The prognosis of LM from solid tumor remains poor. The median survival is four to six weeks without treatment. Treatment can stabilize the neurological symptoms and prolong survival for a few months but less than
10% of patients are alive after one year. Breast cancer has the best prognosis; about 15% of patients survive more than a year.120'75 Prognosis remains poor in patients with lung cancer and melanoma.26 In these patients, some clinicians question the usefulness of vigorous treatment and favor palliative care once the diagnosis is made. There are some conflicting data in regards to prognostic factors, but in general, patients with breast cancer (especially if progesterone positive), a better performance status (Karnofsky performance scale > 60), controlled systemic cancer, absence of bulky disease, normal CSF protein, absence of cerebral involvement and a chemosensitive primary, benefit the most from aggressive treatment.9'18'23'24,
8. CLINICAL GUIDELINES
When a patient with solid tumor presents with multiple neurological symptoms or signs, LM needs to be ruled out. In addition, LM should be considered in a patient with incidental finding of hydrocephalus. MRI with and without gadolinium of the involved area is the test of choice; if positive, the whole neuro-axis should be evaluated. If MRI is negative, the CSF needs to be examined. Repeat examination of CSF, including cisternal puncture may be necessary to make the diagnosis of LM. Occasionally, treatment decisions are based on clinical findings despite a negative work up.
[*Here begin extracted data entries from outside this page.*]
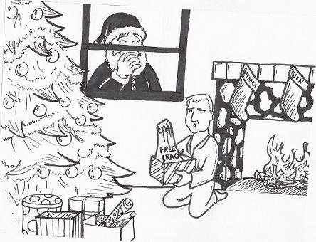 You see Santa's a humanitarian And brings cheer through the night Even to the third world, so you better be nice War is not is not fun and killing is not merry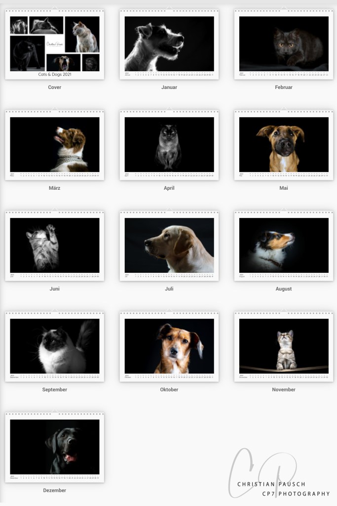 Endlich ist es soweit. Nach 12 tollen Fotoshootings, vielen neuen Bekanntschaften und einigen kurzweiligen Stunden der Nachbearbeitung sind die ersten Exemplare des Cats & Dogs Kalender bei mir eingetroffen. Ich muss wirklich sagen: WOW … Der Kalender ist, in meinen Augen, wirklich wunderschön geworden. Jeden Monat wird er mich immer wieder erneut an die tollen Bekanntschaften und Ihren Lieblingen erinnern und an die tolle Zeit, die wir während der Shootings miteinander hatten. Gerade in der jetzigen Zeit zaubert es mir jedes Mal ein Lächeln ins Gesicht und lässt mich die schwere Zeit vergessen.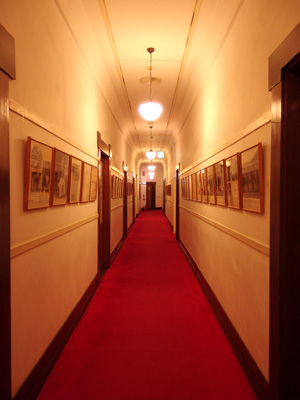 2階には金谷ホテルの歴史が詰まったギャラリーの廊下も。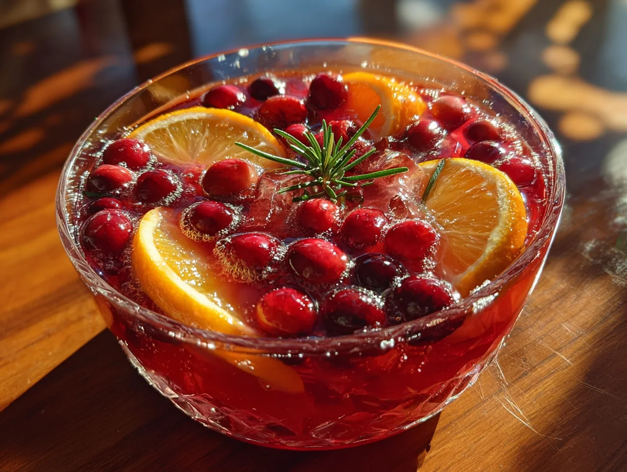 5. Garnish each glass with a slice of orange, a few fresh cranberries skewered on a toothpick, and a sprig of rosemary for a festive touch.

After the diagnosis of LM is established, a VP shunt should be placed if hydrocephalus is present. Radiation therapy is then given to symptomatic sites, nodular lesions, or areas of CSF blockage. If the patient has breast cancer, and good prognostic factors, an Ommaya device can be placed and IT MTX can be considered. Alternatively, it is reasonable to treat the LM and concomitant systemic disease with systemic chemotherapy; agents used should have activity against the primary tumor with CSF penetration. If the patient has a poor prognosis, symptomatic therapy and palliative care should be the focus.